Panggung Krapyak terletak kurang lebih 2 km dari Keraton Yogyakarta. Berbentuk segi empat dengan tinggi kira-kira 10 meter, lebar 13 meter, dan panjang 13 meter. Panggung Krapyak terdiri dari dua lantai yang dahulu dihubungkan dengan tangga kayu. Lantai atas berupa ruang terbuka berpagar. Bangunan ini dahulu digunakan oleh Sultan untuk menyaksikan prajurit atau kerabatnya dalam berburu (ngrapyak) rusa. 

Secara simbolis, Panggung Krapyak memiliki makna awal kelahiran atau rahim. Ini ditegaskan dengan keberadaan kampung di sebelah barat laut bernama Mijen, yang berasal dari kata “wiji” (benih). Pohon asem atau asam (Tamarindus indica) dan pohon tanjung (Mimusops elengi) yang ditanam sepanjang jalan dari Panggung Krapyak menuju keraton juga memiliki arti tersendiri. Sinom, daun asam, melambangkan anom (muda). Bersama dengan pohon tanjung melambangkan anak muda yang selalu disanjung-sanjung oleh lingkungannya.

-

Lebih ke utara lagi terdapat Alun-Alun Selatan yang sekitarnya ditanami pohon pakel dan kweni. Pohon-pohon ini melambangkan pemuda yang sudah akil balig dan sudah wani (berani) meminang gadis pujaannya. 

Lebih ke utara, terdapat Siti Hinggil Kidul (kini dikenal sebagai Sasana Hinggil Dwi Abad). Di area Siti Hinggil Kidul juga terdapat pohon pelem cempora dan pohon soka. Pelem cempora yang berbunga putih melambangkan benih laki-laki dan soka yang berbunga merah melambangkan benih perempuan. Di kiri dan kanan Siti Hinggil Kidul terdapat jalan yang bernama Pamengkang, yang berarti posisi kaki yang berjauhan satu sama lain. Melambangkan gerbang menuju rahim. Lebih ke utara, terdapat kompleks Kamandhungan yang berasal dari kata kandungan. Simbol sukma atau janin yang menunggu dilahirkan.

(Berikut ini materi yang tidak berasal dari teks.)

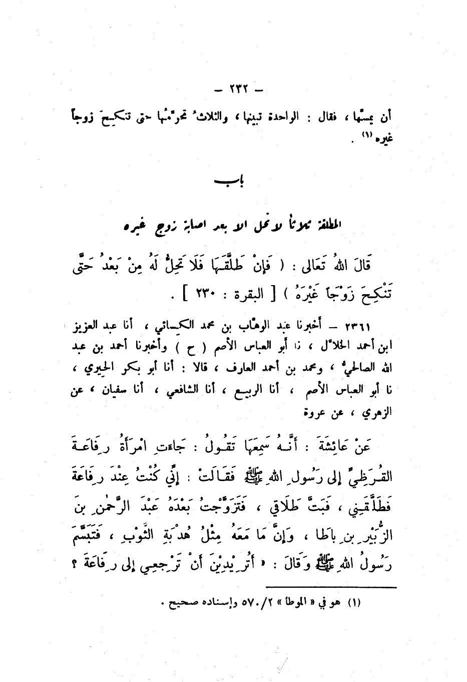 ح وَأَخْبَرَنَا أَحْمَدُ بْنُ عَبْدِ اللَّهِ الصَّالِحِيُّ، وَمُحَمَّدُ بْنُ أَحْمَدَ الْعَارِفُ، قَالا: أَنا أَبُو بَكْرٍ الْحِيرِيُّ، نَا أَبُو الْعَبَّاسِ الأَصَمُّ، أَنا الرَّبِيعُ، أَنا الشَّافِعِيُّ، أَنا سُفْيَان، عَنِ الزُّهْرِيِّ، عَنْ عُرْوَةَ، عَنْ عَائِشَةَ، أَنَّهُ سَمِعَهَا تَقُولُ: جَاءَتِ امْرَأَةُ رِفَاعَةَ الْقُرَظِيِّ إِلَى رَسُولِ اللَّهِ صَلَّى اللهُ عَلَيْهِ وَسَلَّمَ، فَقَالَتْ: إنِّي كُنْتُ عِنْدَ رِفَاعَةَ فَطَلَّقَنِي، فَبَتَّ طَلاقِي، فَتَزَوَّجْتُ بَعْدَهُ عَبْدَ الرَّحْمَنِ بْنَ الزُّبَيْرِ بْنِ بَاطَا، وَإِنَّ مَا مَعَهُ مِثْلُ هُدْبَةِ الثَّوْبِ، فَتَبَسَّمَ رَسُولُ اللَّهِ صَلَّى اللهُ عَلَيْهِ وَسَلَّمَ، وَقَالَ: «أَتُرِيدِينَ أَنْ تَرْجِعِي إِلَى رِفَاعَةَ؟

Di sebelah utara Kamandhungan terdapat pelataran Kemagangan, yang melambangkan bahwa anak perlu magang untuk menjadi manusia dewasa. Maka dari itu, di kiri kanan Kemagangan terdapat kampung Sekullanggen dan Gebulen, tempat tinggal Abdi Dalem yang bertugas sebagai juru masak keraton. Penempatan kampung itu memberi arti bahwa anak yang sedang tumbuh memerlukan kecukupan makanan. Seputar area tersebut ditanami pohon jambu dersana (Syzgium malaccense/Eugenia malaccensis) yang bermakna keteladanan (sinudarsana).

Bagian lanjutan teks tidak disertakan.